== Task brief ==
Reproduce the data below in full and to the letter, images excepted.

== Given material ==
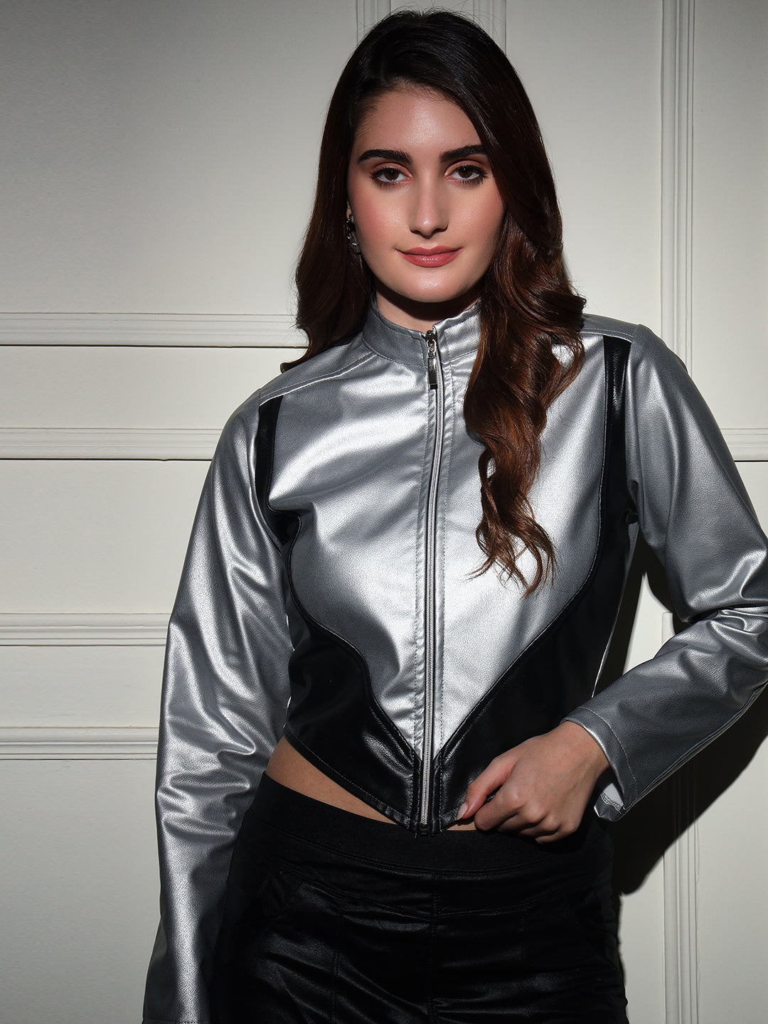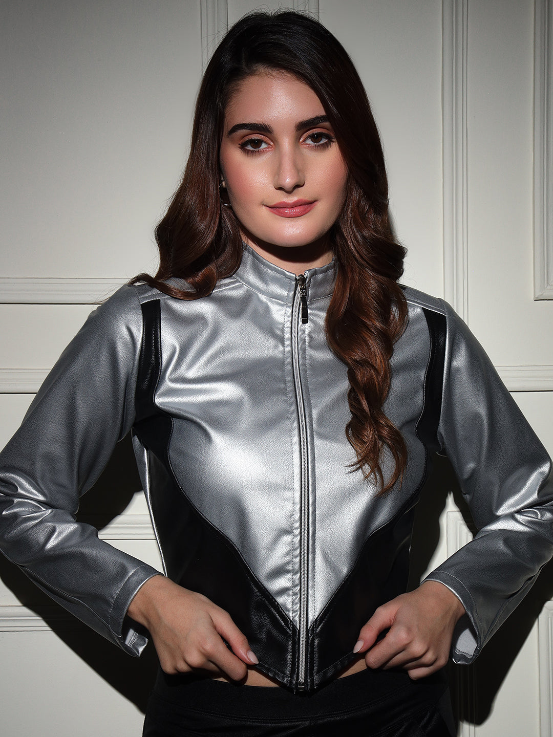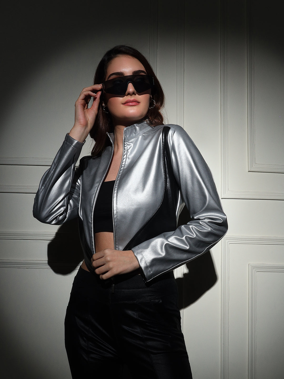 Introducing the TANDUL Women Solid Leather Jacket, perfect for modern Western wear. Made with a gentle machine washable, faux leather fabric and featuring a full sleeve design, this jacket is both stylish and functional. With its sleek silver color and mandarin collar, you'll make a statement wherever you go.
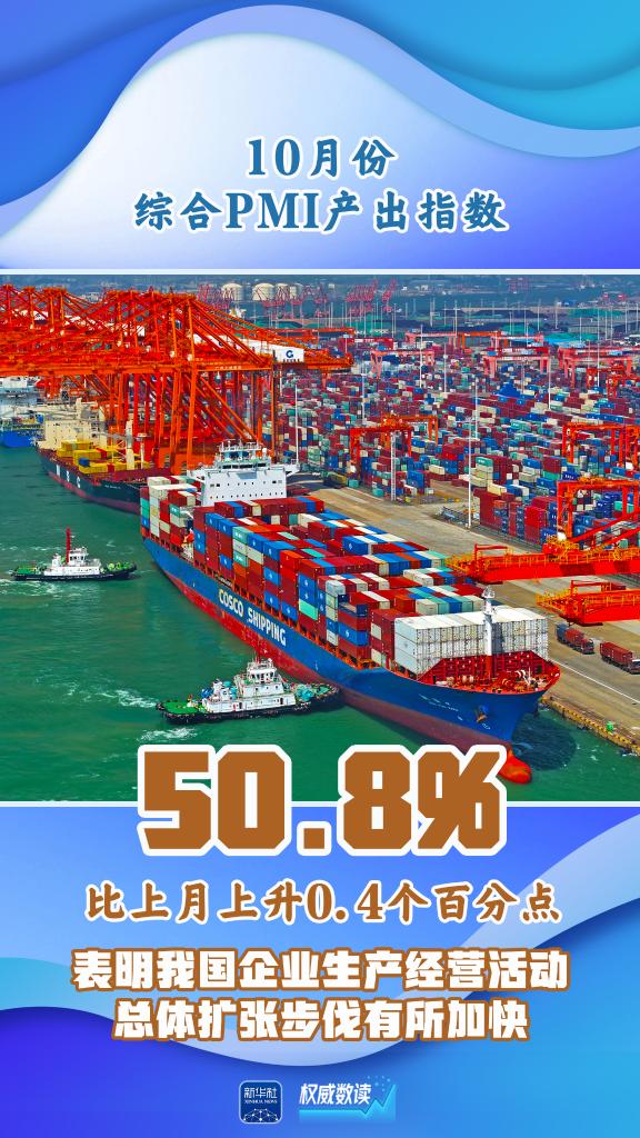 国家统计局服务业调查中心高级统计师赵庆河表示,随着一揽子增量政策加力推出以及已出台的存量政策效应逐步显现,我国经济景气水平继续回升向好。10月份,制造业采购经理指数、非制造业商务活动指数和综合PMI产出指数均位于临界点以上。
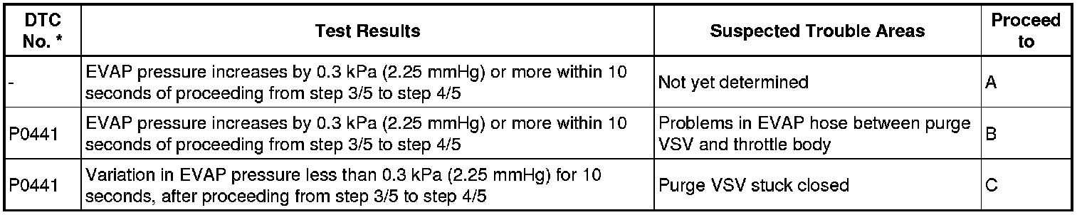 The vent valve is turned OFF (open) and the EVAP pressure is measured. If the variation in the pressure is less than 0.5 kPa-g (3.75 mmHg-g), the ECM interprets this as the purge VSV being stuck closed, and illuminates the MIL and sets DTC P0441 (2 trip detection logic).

== Solution to this exercise ==
 Introducing the TANDUL Women Solid Leather Jacket, perfect for modern Western wear. Made with a gentle machine washable, faux leather fabric and featuring a full sleeve design, this jacket is both stylish and functional. With its sleek silver color and mandarin collar, you'll make a statement wherever you go.
 国家统计局服务业调查中心高级统计师赵庆河表示,随着一揽子增量政策加力推出以及已出台的存量政策效应逐步显现,我国经济景气水平继续回升向好。10月份,制造业采购经理指数、非制造业商务活动指数和综合PMI产出指数均位于临界点以上。
 The vent valve is turned OFF (open) and the EVAP pressure is measured. If the variation in the pressure is less than 0.5 kPa-g (3.75 mmHg-g), the ECM interprets this as the purge VSV being stuck closed, and illuminates the MIL and sets DTC P0441 (2 trip detection logic).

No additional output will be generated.